- **Dataset extract**:
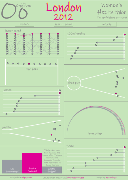 I wanted the shot put and javelin charts to look like the field with circles to pinpoint where each shot or javelin landed. I didn’t have the angles of each throw, so I settled on using random() on rows to spread the dots around the field and put result on to columns to show the distance. I then added the simple field diagrams to give the idea of seeing the results from an aerial view and again highlighted Jess’ results.
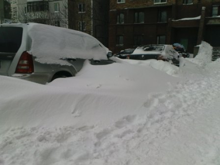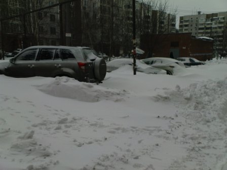 Вчера выехал утром на работу, расчистил машину и погреб. 4х4 рулит! При выезде из двора был сугроб по колено, приходилось раз десять штурмовать. Заезжаю на пузо, сдаю назад и опять с разгона. Доехал на работу практически без приключений, дороги разбиты в отличии от двором. Весь день и всю ночь шел сильный снег. Сегодня утром возвращался с работы. В свой двор уже заехать не смог. Замело по пояс. Поставил машину рядом с детской площадкой, и пошел фоткать.
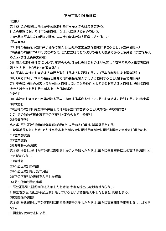 第1条 この規程は,他社が不公正取引を行ったときの対策を定める。
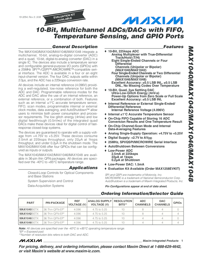 MAX1048 10-bit Codec with 4CH ADC, 4CH DAC, 4 GPIO

- **Work task**: All of the material above should be output exactly, with the pictures left behind.

- **Response to the task**:
 I wanted the shot put and javelin charts to look like the field with circles to pinpoint where each shot or javelin landed. I didn’t have the angles of each throw, so I settled on using random() on rows to spread the dots around the field and put result on to columns to show the distance. I then added the simple field diagrams to give the idea of seeing the results from an aerial view and again highlighted Jess’ results.
 Вчера выехал утром на работу, расчистил машину и погреб. 4х4 рулит! При выезде из двора был сугроб по колено, приходилось раз десять штурмовать. Заезжаю на пузо, сдаю назад и опять с разгона. Доехал на работу практически без приключений, дороги разбиты в отличии от двором. Весь день и всю ночь шел сильный снег. Сегодня утром возвращался с работы. В свой двор уже заехать не смог. Замело по пояс. Поставил машину рядом с детской площадкой, и пошел фоткать.
 第1条 この規程は,他社が不公正取引を行ったときの対策を定める。
 MAX1048 10-bit Codec with 4CH ADC, 4CH DAC, 4 GPIO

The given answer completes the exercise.